# Friendship with Co-Worker



## rainbow_2 (Oct 21, 2015)

Hi everyone, I'm looking for some outsider advice/opinions regarding some recent events. I found two selfies of my husband and a female co-worker on our computer (the pictures from both our cell phones are automatically stored for backup). In one of the pictures they were clearly eating out at a restaurant. I have not met this person, but assumed who she may be because my husband has been talking about her more and more recently. Also, the day before I discovered the pictures he received a text from her on the weekend (not work related). I thought it was a bit odd, but I have no reason not to trust my husband and the content of the text seemed innocent (he showed it to me because she was making a suggest for a DIY project my husband and I had been planning). 

So, after I saw these pictures my mind started analyzing everything. Why was I not aware that he had lunch with this person alone (he had only mentioned group lunches). Why was she comfortable enough to send texts to him on the weekend? A week or so before this he had also mentioned that he had to drive her home because she forgot her laptop. How many times had he been to her house? So, I confronted my husband and asked who was in the picture and how close they were. He insisted they were just friends and he never mentioned they had lunch that one time because he didn't feel as if he was doing anything wrong. I asked why she was comfortable enough to text him about things that are not work related during non-business hours and again he said it's because they are friends. He said he had taken the pictures to send to another co-worker (his supervisor). He was able to prove this through text messages on his phone (he was being truthful). I ended up reading all the texts between this female and my husband. There were numerous texts, but nothing sexual, but not work related either. They were also sent during non-business hours. It seems my husband had developed a somewhat close (as far as I know) friendship with this female. He talked about conversations he had with her, but I never knew they were texting after he was home for the day.

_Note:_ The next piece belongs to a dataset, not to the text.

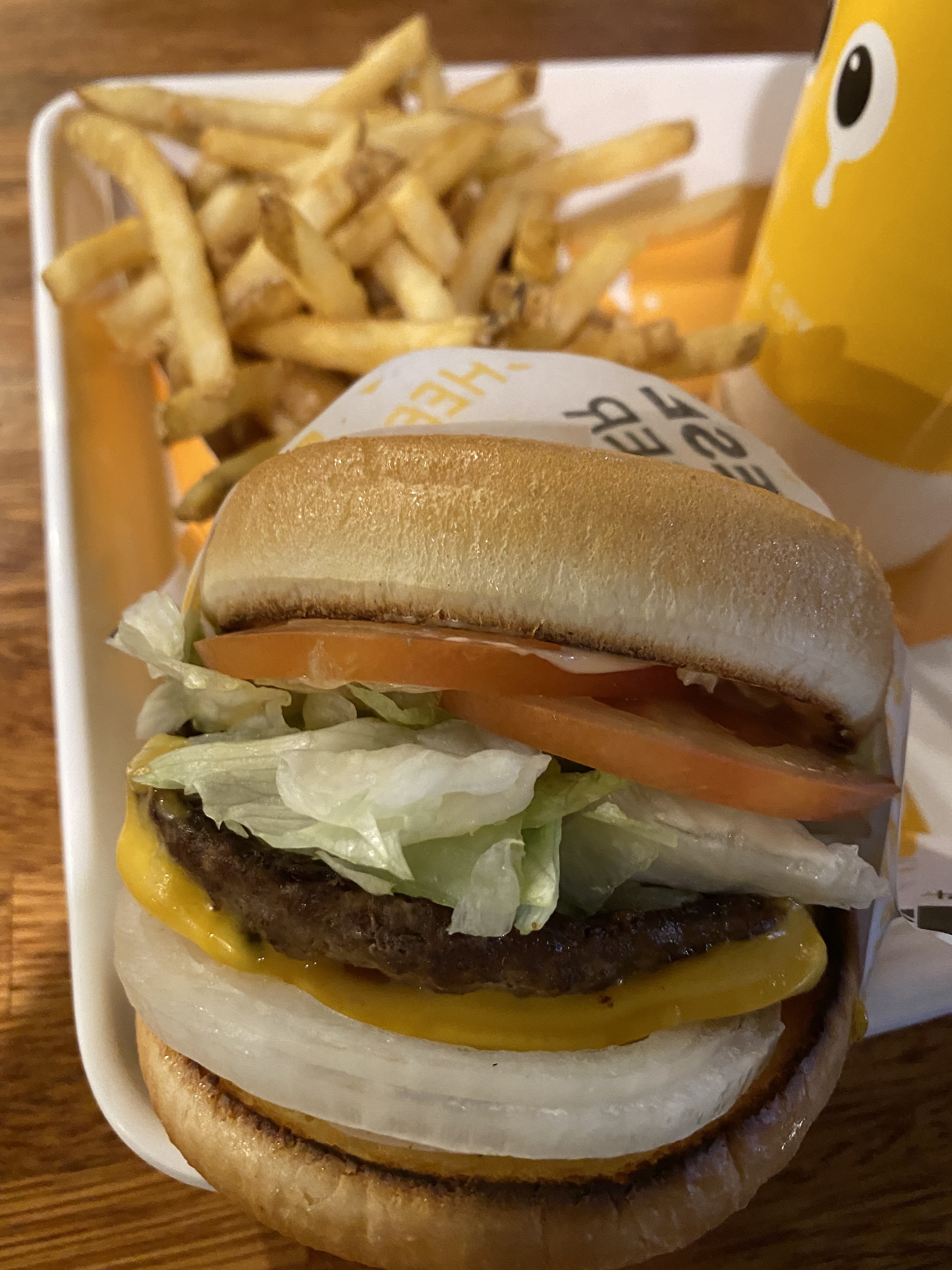 버거 안에 양파는 생양파가 기본이고, 익혀달라면 익혀주는데, 개인적으로는 당연히 생양파다. 사실 이 대목에서 와 이집 진짜다 싶었다. 양파의 향과 패티의 조합이 끝내준다. 당연히 빵은 너무 두껍지도 얇지도 않다. 사이즈는 쉑쉑 버거 사이즈. 맥도날드 대표 메뉴 빅맥이나 버거킹 와퍼보다는 작은 사이즈다. 하지만 이 사이즈가 딱 막는 것 같다. 왜냐면 패티, 치즈, 양파, 토마토 등이 제대로 두툼하게 들어있기 때문이다.

He insisted that he was not hiding this friendship, but I had no idea they were this close. One of the texts was asking her if there was any parking open at her place (he was taking our daughter to a park near where she lives). I found it odd that he knew where she lived. When I asked him he said that he didn't know exactly where she lived, just the neighborhood she lived in. I asked if he had ever been to her place and he response was no, then seconds later he says ya, I took her home to get her laptop one day, but I told you that. So, you don't know where she lives exactly, but you've driven to her house? At this point I couldn't tell if he was straight out lying or flustered, because I was so upset. It's hard for me to remove emotion and think logically, because I want to believe him.

I told him I didn't think their "friendship" was appropriate and that they both should be more professional. I was very upset, and all of a sudden I was questioning everything. These texts had been going on for months. At which time my husband began getting into shape. He had also seemed distant and slightly irritable for the last month or so. We had discussed his behavior, because I wanted to know if anything was wrong. He had said that it was from stress at work. 

Anyway, the next day at work my husband told this person that his wife was not comfortable with the texts after business hours. Apparently her response was that she had the same conversation with husband about another male co-worker the weekend before. So now I thinking that this female has no professional boundaries. 

I want to believe my husband. He has given me no reason not to up until this point. I can't seem to let this go though. I'm wondering what their relationship will be from this point forward. According to my husband there is awkwardness between them now. My worry is that the awkward will pass and the "friendship" will be hidden in the future as to avoid arguments.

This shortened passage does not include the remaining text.